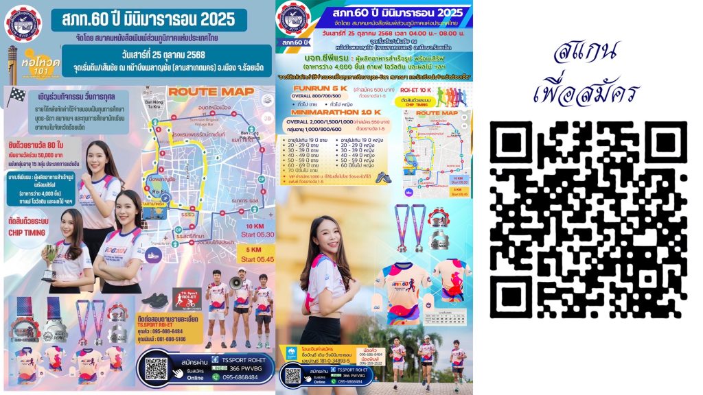 สมาคมหนังสือพิมพ์ส่วนภูมิภาคแห่งประเทศไทย เตรียมจัดกิจกรรม สภท.60ปี เดิน-วิ่งการกุศล มินิมาราธอน 2025 “วิ่งเพื่อการศึกษา” วันที่ 25 ตุลาคม 2568 ณ บึงพลาญชัย จังหวัดร้อยเอ็ด
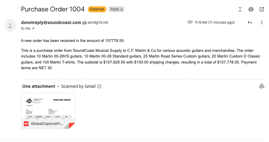 You are a knowledge worker tasked with understanding purchase orders and sales orders. Carefully read the PDF file and extract header fields that will aid in management of these document types. Extract the following fields:
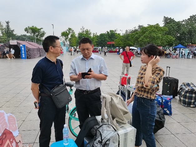 党委陈笃海副书记来到了学院迎新点处。现场他与辅导员老师共同商量迎新事宜,与志愿者同学们交流以了解工作开展情况,并询问关注新生还需哪些帮助。
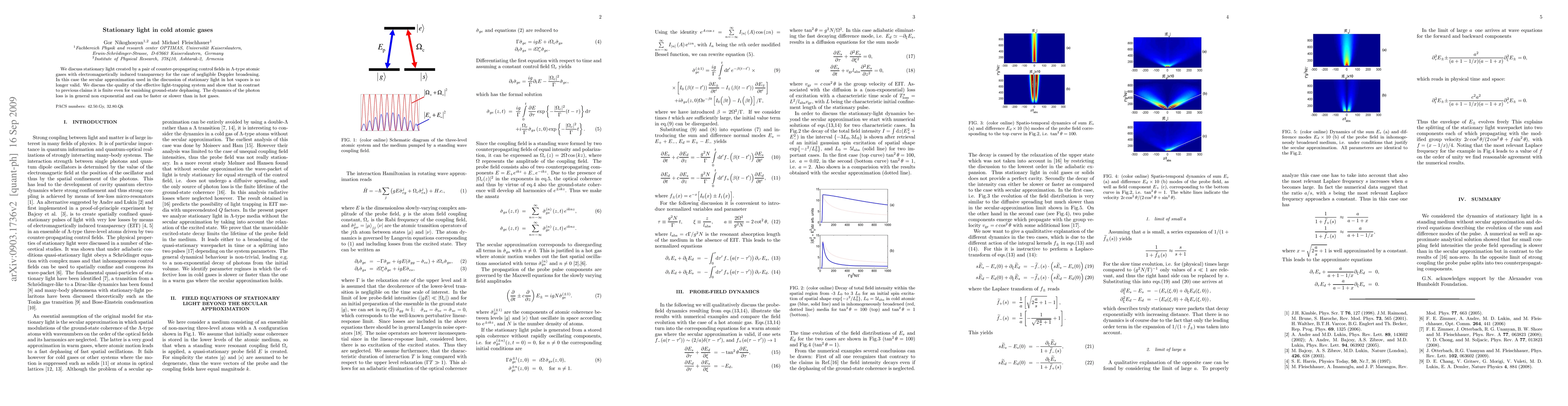 This paper explores stationary light in cold atomic gases using counter-propagating control fields, revealing that the effective light-trapping system maintains finite quality despite negligible ground-state dephasing. Unlike hot vapors, photon loss dynamics here are non-exponential and can vary in speed.
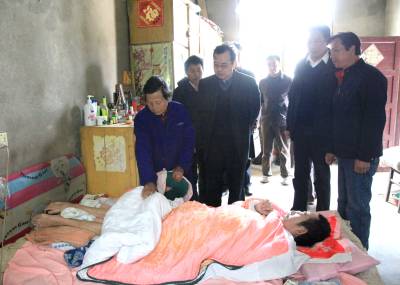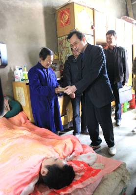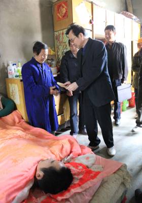 省委老干部局”三万”活动领导小组组长、老干部局主持工作的副局长熊承家同志在仙桃市杨林尾镇段湾村入户访问民情时,得知特困户王金才夫妇因车祸致残,俩人长期瘫患在床,生活不能自理,家庭困难重重。特困户朱德喜因妻子中风两次动大手术,家庭生活非常困难。便立即赶往特困户王金才、朱德喜家中,详细了解病人治疗情况和家人生活情况,并给每户送上1000元慰问金。
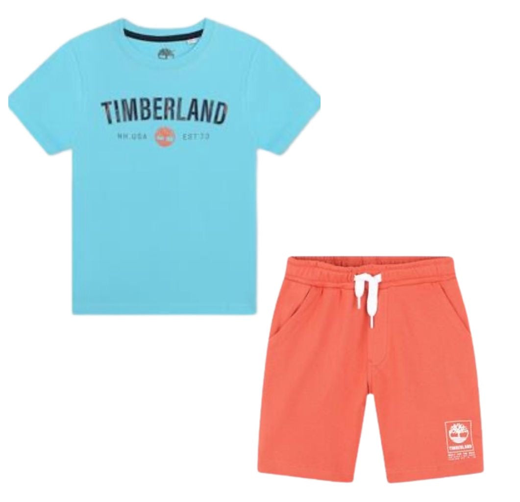 Designed by Timberland, this Aqua short-sleeved T-shirt for boys is made in soft organic cotton jersey. Casual and crew neck, it has a cool camouflage logo appliqué on the front. The signature tree logo is printed beneath Coral for extra branded appeal.

══════

● **EXERCISE PROMPT**: Above are records with pictures; repeat them exactly, but without the pictures.

● **RESULT OF THE TASK**:
 สมาคมหนังสือพิมพ์ส่วนภูมิภาคแห่งประเทศไทย เตรียมจัดกิจกรรม สภท.60ปี เดิน-วิ่งการกุศล มินิมาราธอน 2025 “วิ่งเพื่อการศึกษา” วันที่ 25 ตุลาคม 2568 ณ บึงพลาญชัย จังหวัดร้อยเอ็ด
 You are a knowledge worker tasked with understanding purchase orders and sales orders. Carefully read the PDF file and extract header fields that will aid in management of these document types. Extract the following fields:
 党委陈笃海副书记来到了学院迎新点处。现场他与辅导员老师共同商量迎新事宜,与志愿者同学们交流以了解工作开展情况,并询问关注新生还需哪些帮助。
 This paper explores stationary light in cold atomic gases using counter-propagating control fields, revealing that the effective light-trapping system maintains finite quality despite negligible ground-state dephasing. Unlike hot vapors, photon loss dynamics here are non-exponential and can vary in speed.
 省委老干部局”三万”活动领导小组组长、老干部局主持工作的副局长熊承家同志在仙桃市杨林尾镇段湾村入户访问民情时,得知特困户王金才夫妇因车祸致残,俩人长期瘫患在床,生活不能自理,家庭困难重重。特困户朱德喜因妻子中风两次动大手术,家庭生活非常困难。便立即赶往特困户王金才、朱德喜家中,详细了解病人治疗情况和家人生活情况,并给每户送上1000元慰问金。
 Designed by Timberland, this Aqua short-sleeved T-shirt for boys is made in soft organic cotton jersey. Casual and crew neck, it has a cool camouflage logo appliqué on the front. The signature tree logo is printed beneath Coral for extra branded appeal.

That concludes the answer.